▶ [REQUIRED ACTION]
An exact copy of the records is needed; please leave the images out.

━━━━━━━━

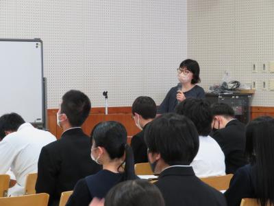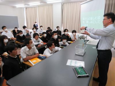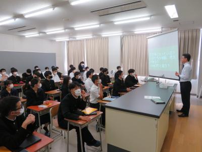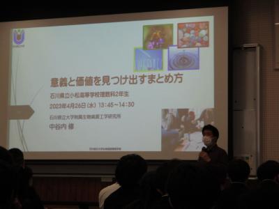 4月26日(水)、2年普通科理系対象の「課題探究」において、石川県立大学の中谷内修先生をお招きし、課題探究についての特別講座が行われました。中谷内先生からは、課題探究の意義や方法、注意点などを丁寧に説明していただきました。生徒は次回から探究活動をより充実したものにするため、メモを取りながら一生懸命学んでいる様子でした。
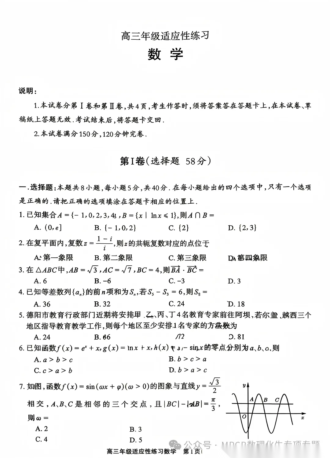 【四川卷】四川省德阳市2026届高三年级适应性练习(德阳三诊)(4.20-4.22) 全科试题卷+答案
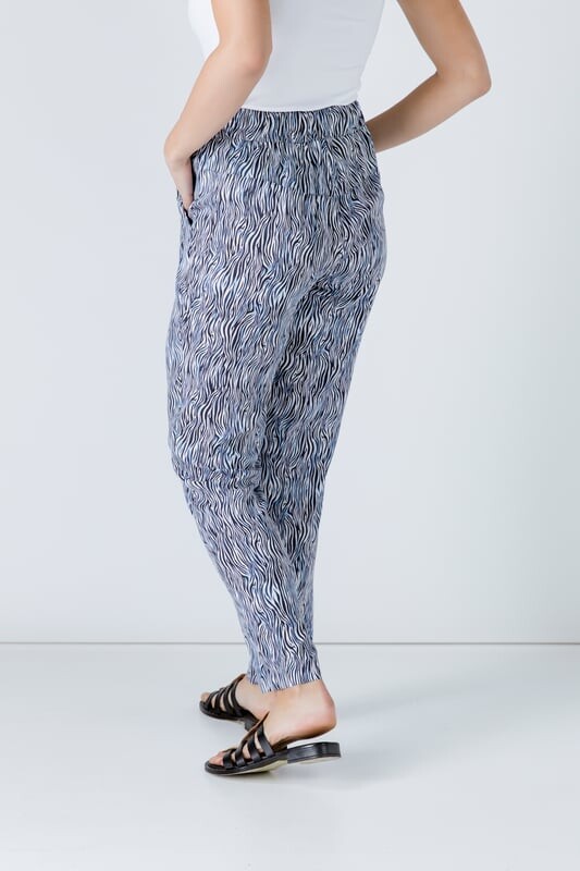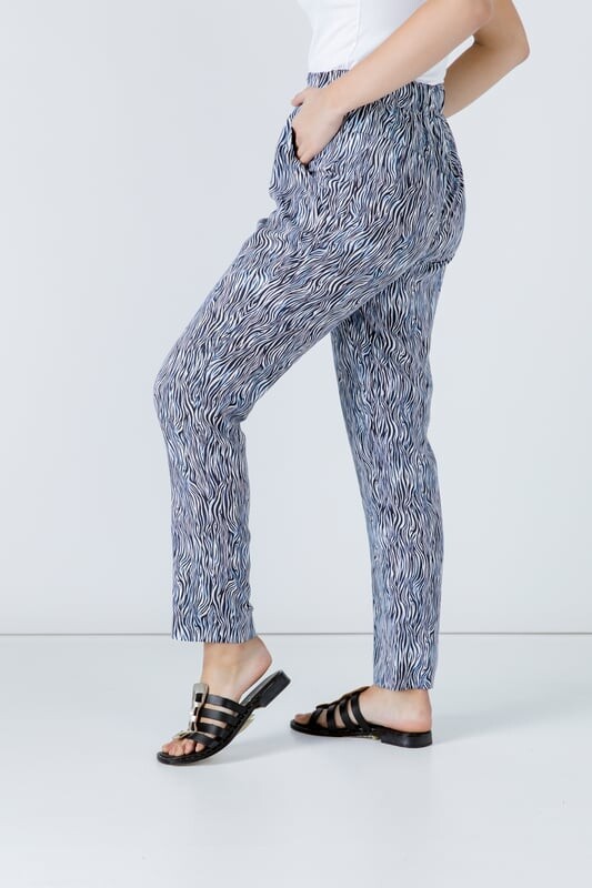 Летние зауженные брюки изготовлены из тканого принтованного полотна, 100 % вискозы. Имеет эластичную талию шириной 4 см и 2 боковых кармана. Для удлинения к низу прикреплено 4 см дополнительной ткани.
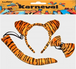 Pretvorite se u trenu u preslatkog tigra! Ovaj karnevalski set za djecu sadrži sve potrebno za brzu i udobnu preobrazbu – tigraste uši na obruču za kosu, mašnicu oko vrata i elegantan rep. Idealno za karneval, školske priredbe i tematske proslave.
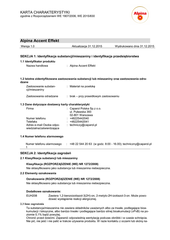 KARTA CHARAKTERYSTYKI zgodnie z Rozporządzeniem WE 1907/2006, WE 2015/830 Alpina Accent Effekt Wersja 1.0 Aktualizacja 31.12.2015 Wydrukowano dnia 31.12.2015 SEKCJA 1: Identyfikacja substancji/mieszaniny i identyfikacja przedsiębiorstwa 1.1 Identyfikator produktu Nazwa handlowa : Alpina Accent Effekt 1.2 Istotne zidentyfikowane zastosowania substancji lub mieszaniny oraz zastosowania odradzane Zastosowanie substan: Materiał na powłokę cji/mieszaniny Zastosowania odradzane : brak – przy prawidłowym zastosowaniu 1.3 Dane dotyczące dostawcy karty charakterystyki Firma : Caparol Polska Sp.z o.o. ul. Puławska 393 02-801 Warszawa Numer telefonu : +48225442040 Telefaks : +48225442041 Adres e-mail Osoba odpo: [email protected] wiedzialna/zatwierdzająca 1.4 Numer telefonu alarmowego Numer telefonu alarmowego 1 : +48 22 544 20 63 (w godz. 8:00 - 16.00); [email protected] SEKCJA 2: Identyfikacja zagrożeń 2.1 Klasyfikacja substancji lub mieszaniny Klasyfikacja (ROZPORZĄDZENIE (WE) NR 1272/2008) Nie sklasyfikowano jako substancja lub mieszanina niebezpieczna. 2.2 Elementy oznakowania Oznakowanie (ROZPORZĄDZENIE (WE) NR 1272/2008) Nie sklasyfikowano jako substancja lub mieszanina niebezpieczna. Dodatkowe oznakowanie: EUH208 Zawiera 1,2-benzoizotiazol-3(2H)-on, 2-metylo-2H-izotiazol-3-on. Może powodować wystąpienie reakcji alergicznej. 2.3 Inne zagrożenia Ta substancja/mieszanina nie zawiera składników uważanych albo za trwałe, podlegające bioakumulacji i toksyczne, albo bardzo trwałe i podlegające bardzo silnej bioakumulacji (vPvB) na poziomie 0,1% bądź powyżej. Chronić przed dziećmi. Zapewnić odpowiednią wentylację podczas obróbki i w czasie schnięcia. Nie pić, nie jeść i nie palić w trakcie używania produktu. W razie kontaktu z oczami lub skórą na- KARTA CHARAKTERYSTYKI zgodnie z Rozporządzeniem WE 1907/2006, WE 2015/830 Alpina Accent Effekt Wersja 1.0 Aktualizacja 31.12.2015 Wydrukowano dnia 31.12.2015 tychmiast obficie przemyć je wodą. Zabezpieczyć przed przedostaniem się do kanalizacji, wód powierzchniowych i gruntowych oraz gleby. Czyszczenie narzędzi wodą i mydłem natychmiast po użyciu. Nie wdychać pary/rozpylonej cieczy. SEKCJA 3: Skład/informacja o składnikach 3.2 Mieszaniny Składniki niebezpieczne Uwagi : Brak składników niebezpiecznych SEKCJA 4: Środki pierwszej pomocy 4.1 Opis środków pierwszej pomocy Porady ogólne : Brak zagrożeń wymagających specjalistycznej pierwszej pomocy. Usunąć z zagrożonej strefy. Udzielający pierwszej pomocy powinien zapewnić sobie pomoc. W przypadku wdychania : Wyprowadzić poszkodowanego na świeże powietrze. W przypadku kontaktu ze skórą : Zmyć starannie skórę wodą z mydłem lub zastosować znane środki zmywające. NIE stosować rozpuszczalników lub rozcieñczalników. W przypadku kontaktu z oczami : Usunąć szkła (szkło) kontaktowe. Przepłukiwać otwarte oczy obficie czystą, świeżą wodą przynajmniej przez 10 minut. Zasięgnąć porady medycznej. W przypadku połknięcia : Przy połknięciu NIE wywoływać wymiotów. Przemyć usta wodą i następnie wypić dużą ilość wody. Nieprzytomnej osobie nigdy nie podawać nic doustnie. Jeśli objawy utrzymują się, wezwać lekarza. 4.2 Najważniejsze ostre i opóźnione objawy oraz skutki narażenia Objawy : Brak dostępnej informacji. Zagrożenia : Brak dostępnej informacji. 4.3 Wskazania dotyczące wszelkiej natychmiastowej pomocy lekarskiej i szczególnego postępowania z poszkodowanym Leczenie : Brak dostępnej informacji. SEKCJA 5: Postępowanie w przypadku pożaru 5.1 Środki gaśnicze Odpowiednie środki gaśnicze : Niepalny. Użycie środków gaśniczych odpowiednich dla lokalnych warunków i dla środowiska. 2 / 11 KARTA CHARAKTERYSTYKI zgodnie z Rozporządzeniem WE 1907/2006, WE 2015/830 Alpina Accent Effekt Wersja 1.0 Niewłaściwe środki gaśnicze Aktualizacja 31.12.2015 Wydrukowano dnia 31.12.2015 : Silny strumień wody 5.2 Szczególne zagrożenia związane z substancją lub mieszaniną Specyficzne zagrożenia w : Spalanie wyzwala drażniące dymy. czasie zwalczania pożaru Nie dopuścić do przedostania się wody z gaszenia pożaru do sieci wodnej lub kanalizacji. 5.3 Informacje dla straży pożarnej Specjalny sprzęt ochronny : Użyć środków ochrony osobistej. W razie konieczności w dla strażaków trakcie akcji gaśniczej założyć aparat oddechowy z zamkniętym obiegiem. Dalsze informacje : Produkt niepalny. Standardowa procedura w przypadku pożaru z udziałem substancji chemicznych. SEKCJA 6: Postępowanie w przypadku niezamierzonego uwolnienia do środowiska 6.1 Indywidualne środki ostrożności, wyposażenie ochronne i procedury w sytuacjach awaryjnych Indywidualne środki ostroż: Unikać zanieczyszczenia skóry i oczu. ności. Material może powodować śliskość powierzchni. Stosować obuwie ochronne lub buty z podeszwą z gumy surowej. Sprawdź środki ochronne w sekcjach 7 i 8. Postępować z odzyskanym materiałem w sposób opisany w sekcji "Postępowanie z odpadami". 6.2 Środki ostrożności w zakresie ochrony środowiska Środki ostrożności w zakre: Nie wylewać do wód powierzchniowych i kanalizacji. sie ochrony środowiska W przypadku skażenia produktem rzek, jezior lub ścieków powiadomić odpowiednie władze. Zapobiegać dalszemu wyciekowi lub rozlaniu, jeżeli to bezpieczne. 6.3 Metody i materiały zapobiegające rozprzestrzenianiu się skażenia i służące do usuwania skażenia Metody oczyszczania : Wchłonąć w obojętny materiał absorpcyjny (np. Piasek, żel krzemionkowy, pochłaniacz kwasów, pochłaniacz uniwersalny, trociny). Przechować w odpowiednich, zamkniętych pojemnikach do czasu usunięcia. 6.4 Odniesienia do innych sekcji Dalsze informacje patrz Sekcja 8 & 13 karty charakterystyki. SEKCJA 7: Postępowanie z substancjami i mieszaninami oraz ich magazynowanie 7.1 Środki ostrożności dotyczące bezpiecznego postępowania Wskazówki dotyczące bez: Brak specjalnych

━━━━━━━━

▶ [ANSWER TO THIS EXERCISE]
 4月26日(水)、2年普通科理系対象の「課題探究」において、石川県立大学の中谷内修先生をお招きし、課題探究についての特別講座が行われました。中谷内先生からは、課題探究の意義や方法、注意点などを丁寧に説明していただきました。生徒は次回から探究活動をより充実したものにするため、メモを取りながら一生懸命学んでいる様子でした。
 【四川卷】四川省德阳市2026届高三年级适应性练习(德阳三诊)(4.20-4.22) 全科试题卷+答案
 Летние зауженные брюки изготовлены из тканого принтованного полотна, 100 % вискозы. Имеет эластичную талию шириной 4 см и 2 боковых кармана. Для удлинения к низу прикреплено 4 см дополнительной ткани.
 Pretvorite se u trenu u preslatkog tigra! Ovaj karnevalski set za djecu sadrži sve potrebno za brzu i udobnu preobrazbu – tigraste uši na obruču za kosu, mašnicu oko vrata i elegantan rep. Idealno za karneval, školske priredbe i tematske proslave.
 KARTA CHARAKTERYSTYKI zgodnie z Rozporządzeniem WE 1907/2006, WE 2015/830 Alpina Accent Effekt Wersja 1.0 Aktualizacja 31.12.2015 Wydrukowano dnia 31.12.2015 SEKCJA 1: Identyfikacja substancji/mieszaniny i identyfikacja przedsiębiorstwa 1.1 Identyfikator produktu Nazwa handlowa : Alpina Accent Effekt 1.2 Istotne zidentyfikowane zastosowania substancji lub mieszaniny oraz zastosowania odradzane Zastosowanie substan: Materiał na powłokę cji/mieszaniny Zastosowania odradzane : brak – przy prawidłowym zastosowaniu 1.3 Dane dotyczące dostawcy karty charakterystyki Firma : Caparol Polska Sp.z o.o. ul. Puławska 393 02-801 Warszawa Numer telefonu : +48225442040 Telefaks : +48225442041 Adres e-mail Osoba odpo: [email protected] wiedzialna/zatwierdzająca 1.4 Numer telefonu alarmowego Numer telefonu alarmowego 1 : +48 22 544 20 63 (w godz. 8:00 - 16.00); [email protected] SEKCJA 2: Identyfikacja zagrożeń 2.1 Klasyfikacja substancji lub mieszaniny Klasyfikacja (ROZPORZĄDZENIE (WE) NR 1272/2008) Nie sklasyfikowano jako substancja lub mieszanina niebezpieczna. 2.2 Elementy oznakowania Oznakowanie (ROZPORZĄDZENIE (WE) NR 1272/2008) Nie sklasyfikowano jako substancja lub mieszanina niebezpieczna. Dodatkowe oznakowanie: EUH208 Zawiera 1,2-benzoizotiazol-3(2H)-on, 2-metylo-2H-izotiazol-3-on. Może powodować wystąpienie reakcji alergicznej. 2.3 Inne zagrożenia Ta substancja/mieszanina nie zawiera składników uważanych albo za trwałe, podlegające bioakumulacji i toksyczne, albo bardzo trwałe i podlegające bardzo silnej bioakumulacji (vPvB) na poziomie 0,1% bądź powyżej. Chronić przed dziećmi. Zapewnić odpowiednią wentylację podczas obróbki i w czasie schnięcia. Nie pić, nie jeść i nie palić w trakcie używania produktu. W razie kontaktu z oczami lub skórą na- KARTA CHARAKTERYSTYKI zgodnie z Rozporządzeniem WE 1907/2006, WE 2015/830 Alpina Accent Effekt Wersja 1.0 Aktualizacja 31.12.2015 Wydrukowano dnia 31.12.2015 tychmiast obficie przemyć je wodą. Zabezpieczyć przed przedostaniem się do kanalizacji, wód powierzchniowych i gruntowych oraz gleby. Czyszczenie narzędzi wodą i mydłem natychmiast po użyciu. Nie wdychać pary/rozpylonej cieczy. SEKCJA 3: Skład/informacja o składnikach 3.2 Mieszaniny Składniki niebezpieczne Uwagi : Brak składników niebezpiecznych SEKCJA 4: Środki pierwszej pomocy 4.1 Opis środków pierwszej pomocy Porady ogólne : Brak zagrożeń wymagających specjalistycznej pierwszej pomocy. Usunąć z zagrożonej strefy. Udzielający pierwszej pomocy powinien zapewnić sobie pomoc. W przypadku wdychania : Wyprowadzić poszkodowanego na świeże powietrze. W przypadku kontaktu ze skórą : Zmyć starannie skórę wodą z mydłem lub zastosować znane środki zmywające. NIE stosować rozpuszczalników lub rozcieñczalników. W przypadku kontaktu z oczami : Usunąć szkła (szkło) kontaktowe. Przepłukiwać otwarte oczy obficie czystą, świeżą wodą przynajmniej przez 10 minut. Zasięgnąć porady medycznej. W przypadku połknięcia : Przy połknięciu NIE wywoływać wymiotów. Przemyć usta wodą i następnie wypić dużą ilość wody. Nieprzytomnej osobie nigdy nie podawać nic doustnie. Jeśli objawy utrzymują się, wezwać lekarza. 4.2 Najważniejsze ostre i opóźnione objawy oraz skutki narażenia Objawy : Brak dostępnej informacji. Zagrożenia : Brak dostępnej informacji. 4.3 Wskazania dotyczące wszelkiej natychmiastowej pomocy lekarskiej i szczególnego postępowania z poszkodowanym Leczenie : Brak dostępnej informacji. SEKCJA 5: Postępowanie w przypadku pożaru 5.1 Środki gaśnicze Odpowiednie środki gaśnicze : Niepalny. Użycie środków gaśniczych odpowiednich dla lokalnych warunków i dla środowiska. 2 / 11 KARTA CHARAKTERYSTYKI zgodnie z Rozporządzeniem WE 1907/2006, WE 2015/830 Alpina Accent Effekt Wersja 1.0 Niewłaściwe środki gaśnicze Aktualizacja 31.12.2015 Wydrukowano dnia 31.12.2015 : Silny strumień wody 5.2 Szczególne zagrożenia związane z substancją lub mieszaniną Specyficzne zagrożenia w : Spalanie wyzwala drażniące dymy. czasie zwalczania pożaru Nie dopuścić do przedostania się wody z gaszenia pożaru do sieci wodnej lub kanalizacji. 5.3 Informacje dla straży pożarnej Specjalny sprzęt ochronny : Użyć środków ochrony osobistej. W razie konieczności w dla strażaków trakcie akcji gaśniczej założyć aparat oddechowy z zamkniętym obiegiem. Dalsze informacje : Produkt niepalny. Standardowa procedura w przypadku pożaru z udziałem substancji chemicznych. SEKCJA 6: Postępowanie w przypadku niezamierzonego uwolnienia do środowiska 6.1 Indywidualne środki ostrożności, wyposażenie ochronne i procedury w sytuacjach awaryjnych Indywidualne środki ostroż: Unikać zanieczyszczenia skóry i oczu. ności. Material może powodować śliskość powierzchni. Stosować obuwie ochronne lub buty z podeszwą z gumy surowej. Sprawdź środki ochronne w sekcjach 7 i 8. Postępować z odzyskanym materiałem w sposób opisany w sekcji "Postępowanie z odpadami". 6.2 Środki ostrożności w zakresie ochrony środowiska Środki ostrożności w zakre: Nie wylewać do wód powierzchniowych i kanalizacji. sie ochrony środowiska W przypadku skażenia produktem rzek, jezior lub ścieków powiadomić odpowiednie władze. Zapobiegać dalszemu wyciekowi lub rozlaniu, jeżeli to bezpieczne. 6.3 Metody i materiały zapobiegające rozprzestrzenianiu się skażenia i służące do usuwania skażenia Metody oczyszczania : Wchłonąć w obojętny materiał absorpcyjny (np. Piasek, żel krzemionkowy, pochłaniacz kwasów, pochłaniacz uniwersalny, trociny). Przechować w odpowiednich, zamkniętych pojemnikach do czasu usunięcia. 6.4 Odniesienia do innych sekcji Dalsze informacje patrz Sekcja 8 & 13 karty charakterystyki. SEKCJA 7: Postępowanie z substancjami i mieszaninami oraz ich magazynowanie 7.1 Środki ostrożności dotyczące bezpiecznego postępowania Wskazówki dotyczące bez: Brak specjalnych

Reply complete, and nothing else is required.